Clearly, these systems are expected to deal with a high volume of concurrent users. This requires an infrastructure with the capacity to handle large amounts of network traffic, generate and securely store data, all without any noticeable delays. These services derive their value by providing a constant and reliable standard of quality. They also provide rich user interfaces for mobile devices and web browsers, making them easy to use but harder to build and maintain.
We summarize some of the requirements of Internet-scale systems here:
- Ubiquity --- Being accessible from anywhere at any time, from a multitude of devices. For instance, a salesperson will expect their CRM service to provide timely updates on a mobile device to make visits to clients shorter, faster, and more effective. The service should function smoothly under a variety of network connections.

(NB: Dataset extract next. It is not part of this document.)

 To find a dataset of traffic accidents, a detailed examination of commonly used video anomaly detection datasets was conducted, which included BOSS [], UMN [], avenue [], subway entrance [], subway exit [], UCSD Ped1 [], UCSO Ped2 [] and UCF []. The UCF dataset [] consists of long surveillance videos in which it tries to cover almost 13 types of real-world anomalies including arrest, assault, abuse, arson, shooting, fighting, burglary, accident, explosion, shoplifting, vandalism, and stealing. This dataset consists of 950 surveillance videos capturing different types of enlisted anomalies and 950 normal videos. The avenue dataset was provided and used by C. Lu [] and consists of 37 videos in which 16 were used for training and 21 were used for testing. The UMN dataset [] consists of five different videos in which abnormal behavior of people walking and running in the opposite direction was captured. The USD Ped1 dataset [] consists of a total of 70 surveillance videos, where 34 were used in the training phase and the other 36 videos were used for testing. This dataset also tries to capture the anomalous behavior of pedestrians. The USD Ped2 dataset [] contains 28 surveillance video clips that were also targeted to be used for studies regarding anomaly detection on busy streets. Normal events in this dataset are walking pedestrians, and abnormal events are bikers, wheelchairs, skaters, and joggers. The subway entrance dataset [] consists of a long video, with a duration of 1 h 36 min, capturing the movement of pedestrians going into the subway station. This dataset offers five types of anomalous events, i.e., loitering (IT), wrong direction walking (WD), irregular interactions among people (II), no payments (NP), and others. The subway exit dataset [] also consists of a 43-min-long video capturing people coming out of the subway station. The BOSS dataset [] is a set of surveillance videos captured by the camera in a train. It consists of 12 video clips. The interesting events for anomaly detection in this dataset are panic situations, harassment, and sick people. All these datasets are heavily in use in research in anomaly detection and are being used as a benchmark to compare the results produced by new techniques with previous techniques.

- High availability --- The service must be "always up." Uptimes are measured in terms of number of nines. Three nines, or 99.9%, implies that a service will be unavailable for 9 hours a year. Five nines (about 6 minutes a year) is a typical threshold for a high-availability service. Even a few minutes of downtime in online retail applications can impact millions of dollars of sales.
- Low latency --- Fast and responsive access times. Even slightly slower page-load times have been shown to significantly reduce the usage of the affected web page. For instance, increasing search latency from 100 milliseconds to 400 milliseconds decreases the number of searches per user from 0.8% to 0.6%, and the change persists even after latency is restored to original levels.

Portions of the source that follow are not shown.